Aborted (core dumped)
yueyericardo commented 2 years ago

have no idea, I'm using the environment created at https://github.com/yueyericardo/cuaev_cpp/blob/main/README.md#build-instruction

Are you using the same? cuda 11.3 latest torch and torchani?

ndonyapour commented 2 years ago

The only difference is that I'm not compiling with cuaev.

yueyericardo commented 2 years ago

I'm not sure, but

what():  Error in dlopen or dlsym: libnvrtc-f4909b87.so.11.0: cannot open shared object file: No such file or directory

this seems to be linked with cuda11.0 library instead of cuda11.3?

image

ndonyapour commented 2 years ago

Ok. I get the following error when I compiled it with Libtorch from Pytorch Conda installation.

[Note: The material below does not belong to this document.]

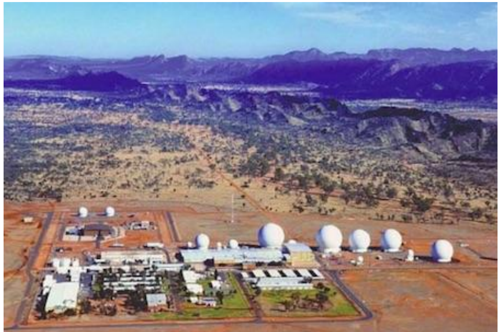
Розвідувальна станція «Пайн Геп» [54]

successfully loaded the model
first call[2, 5, 560]
terminate called after throwing an instance of 'std::runtime_error'
  what():  The following operation failed in the TorchScript interpreter.
Traceback of TorchScript, serialized code (most recent call last):
  File "code/__torch__/torchani/aev/___torch_mangle_0.py", line 117, in forward
      _38 = torch.cumsum(_36, 0, dtype=None, out=_37)
      _39 = torch.index_select(cumsum, 0, pair_indices)
      sorted_local_index120 = torch.add_(sorted_local_index12, _39, alpha=1)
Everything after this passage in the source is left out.